During the three months, the BfArM communicates with producers by asking for clarifications and additions, in the spirit, therefore, of a cooperative procedure[86].

Sometimes it is possible that the manufacturer may not have the necessary data and studies at the beginning of the procedure to prove the benefit of the application on patient care.

In that case, it is possible to place the DiGa on the registry with a 12-months trial period (extendable up to 24 months) during which the manufacturer collects the necessary data to prove the beneficial effects of the device (§139e par. 4 SGB V).

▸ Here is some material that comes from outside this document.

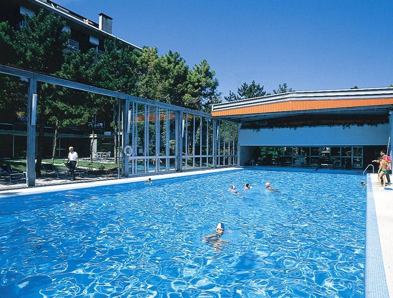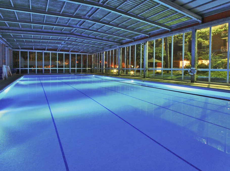 La piscina semiolimpionica immersa nel verde gode di un'ottima posizione rispetto al sole e può essere scoperta o coperta con una moderna struttura vetrata. L'acqua è riscaldata ad una temperatura costante di 28°C.

DiGA pricing also follows a well-defined administrative process[87]. §134 authorizes the National Association of Statutory Health Insurance Funds (GKV-Spitzenverband) to issue binding regulations for all statutory insurance funds and to agree with the producers of digital applications on remuneration amounts. The established amount applies from the year following DiGA inclusion in the register. The price is then established through an agreement and can be modified by a subsequent agreement. If an agreement is not reached within nine months since inclusion in the registry, the setting of the price is referred to an arbitration panel (§134 par. 2 SGB V).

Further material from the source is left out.